The Supreme Court has agreed to hear the case of Mayorkas v. Cuellar de Osorio. The issue in the case is whether a son or daughter who was the derivative beneficiary of a family-sponsored immigrant petition but “aged out” (didn’t qualify because he or she turned age 21) may apply the old petition’s priority date to a new petition. For background, including an explanation of who is covered, see here.
The U.S. Court of Appeals for the Ninth Circuit had ruled in Osorio v. Mayorkas that the old family-sponsored priority date may be applied to a new petition.
However, the U.S. Department of Justice filed a Petition for a Writ of Certiorari with the Supreme Court. On June 24, 2013, the Supreme Court granted that petition.
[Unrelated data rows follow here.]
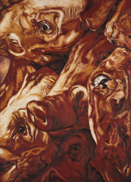 Wilf's expressionism reached its zenith with a series of paintings inspired by the butcher shops of Grand Central Market, across the street from his downtown loft. In paintings such as "Dead Ends," lifeless eyes in bloody piles of pig snouts and calves' heads stare at the viewer with both astonishment and accusation. As Patt Morrison of the L.A. Times wrote in an obituary of Wilf in 1982, these are "choice cuts sliced out and the offal tossed aside, a metaphor for the castoffs of human greed."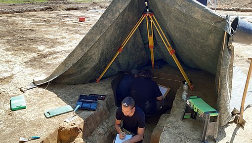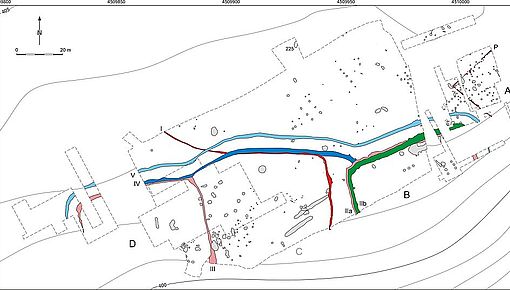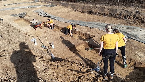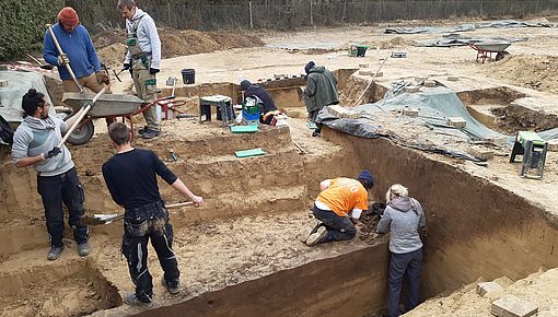 After four decades, an opportunity arose to resume excavations in areas not explored at the time and bring them to a conclusion. The most important result of the recent field work, which was completed in 2022, is the stratigraphic disentanglement of the numerous ditches. Initially, the loess terrace had been divided by a ditch running across the terrain, having apparently been dug before the Hallstatt complexes were constructed and which was possibly contemporaneous with the palisaded farmstead A. During the excavation it was revealed that the middle of the three rectangular farmsteads that had been assumed to exist on the site was not in fact present. In a later phase, the two sites were joined together by two connecting ditches. Finally, the ditch of enclosure B was recut.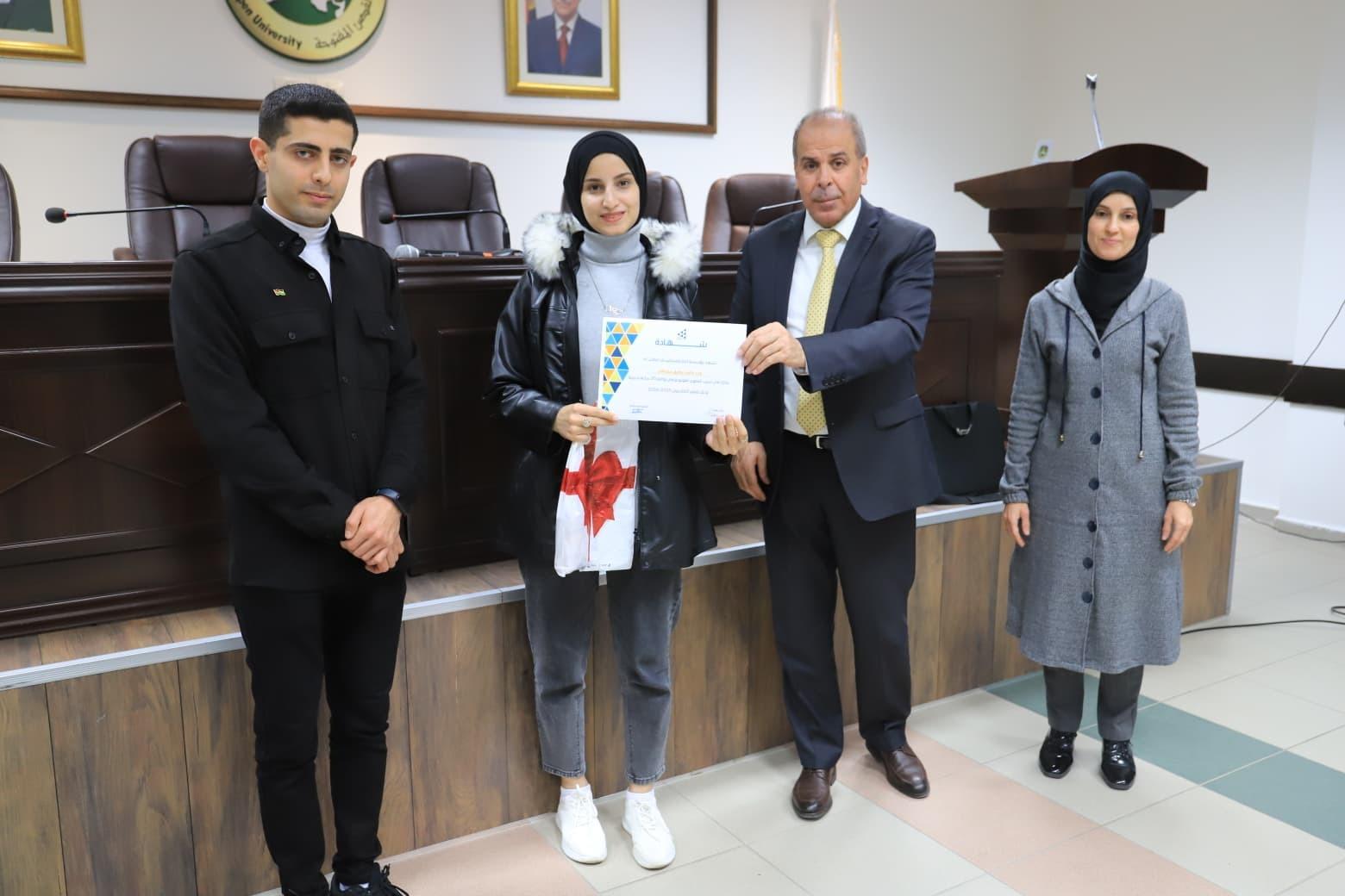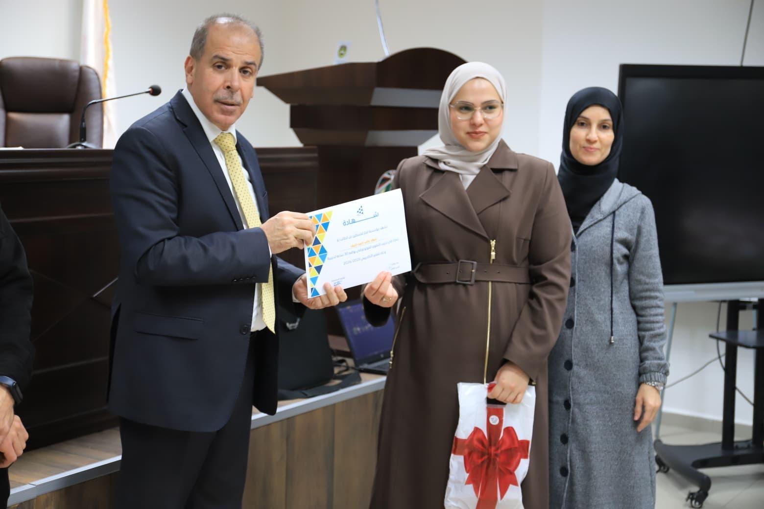 وألقى مدير فرع الجامعة د. عماد شتية، كلمة أكد فيها أهمية هذه الدورات النوعية في بناء شخصية الطالب الجامعي وتنمية مهاراته العملية إلى جانب الجانب الأكاديمي، مشيراً إلى أن الجامعة تسعى دوماً إلى توفير بيئة تعليمية محفزة للإبداع والابتكار، وتعزيز الشراكات مع المؤسسات الداعمة بما يخدم الطلبة والمجتمع المحلي، ومثمّناً جهود مؤسسة إنجاز فلسطين وقسم شؤون الطلبة والمدرب على ما بذلوه من عطاء أسهم في إنجاح الدورة وتحقيق أهدافها.

The case has been scheduled for oral argument on December 10, 2013. A decision is expected from the Court by June or July 2014 when the Court’s term ends.
Pending the Supreme Court’s decision, the Ninth Circuit’s decision is stayed.
If you are covered by De Osorio, you should seek advice from an immigration lawyer now.
If you haven’t done so yet, it may be wise for a sponsor (such as a permanent resident parent) to file a new Form I-130, Petition for Alien Relative, on your behalf.
For most people, with the possible exception of persons in removal or deportation proceedings, it probably doesn’t make sense to file a Form I-485, Application to Adjust Status, or an immigrant visa application before the Supreme Court decides the case.